Platform company Humanitec, which runs PlatformCon, this year produced volume 2 of its State of Platform Engineering report, which showed that internal developer platforms (IDFs) are being widely adopted. It included the first-ever platform engineering maturity model, best practices and reference architectures, and looked at AI and the future of platform engineering.
In an SD Times Analyst View piece in May, Jason English of analysis and advisory firm Intellyx explained, “The decision to create a platform is a commitment to help developers of varying skill levels abstract away the complexity of underlying cloud native architectures with interfaces and tools atop readily configured environments. A platform engineering approach must offer ease of use, elimination of toil, and reduced cognitive load for development teams—helping orgs attract and retain the best talent.”
Using metrics, and the McKinsey report
The widespread use of DORA metrics has created a kind of standard way to measure things like deployment frequency, change lead time, change failure rate and mean time to restore. Ori Keren, co-founder and CEO of engineering efficiency company LinearB, said those metrics are totally relevant to engineering, but there are misconceptions when those are all you look at.
Organizations, he said, need to look at the metrics that are important to the business as well.
LinearB’s benchmark report this year added something called planning accuracy, which shows how much a company committed to was actually delivered. “If you can commit to something and hit your goals with 80% of the features, that’s elite,” he said. “Most companies are not in those areas.”
Connecting those DORA metrics to the business is critical to understanding if you’re being productive in the business sense. “I always like this analogy to a car and an engine, so the engine works perfectly fine. But you could be navigating this car in the wrong direction,” he explained. “So DORA metrics are the RPM, how the car is operating, but you still need to balance those with the business metrics to know that you’re moving in the right direction.”

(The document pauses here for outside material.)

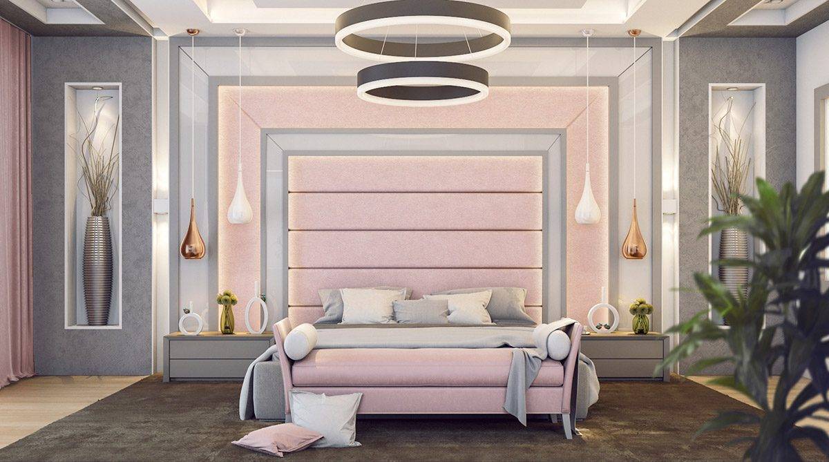 Наиболее спокойным оформлением будет в серо-розовой или бежево-розовой палитре. Для гармоничного образа комнаты, оттенок лучше использовать в деталях, например отделка мебели, портьеры или фрагменты стены.

In August, McKinsey issued a report titled, “Yes, you can measure developer productivity,” which spelled out metrics beyond DORA that attempt to align productivity, joy and business outcome. It was widely panned in the industry as being “naive” and “ignores the dynamics of high-performing software engineering teams,” according to an article written in response to the report by Gergely Orosz and Kent Beck on “The Pragmatic Engineer.”
Coding assistants
The year 2023 saw an explosion of generative AI solutions to assist developers in writing clean, secure code. Microsoft Copilot, delivered in February, and IBM’s watsonx, which launched in May, as well as a number of others emerged, but they came with a caveat. Since today’s applications are cobbled together largely through the use of third-party and open-source components, it’s important to safeguard the output against licensing violations or improper use of those components.
According to Chris Wright, CTO at Red Hat, the question of using open-source code to train an AI model needs to be addressed. Does the license approve that kind of use, or with open source, do the creators just want to opt out of allowing its use in models? And what about then having to turn your code back into the open-source community?
These questions, and more, will be explored more fully in the coming year.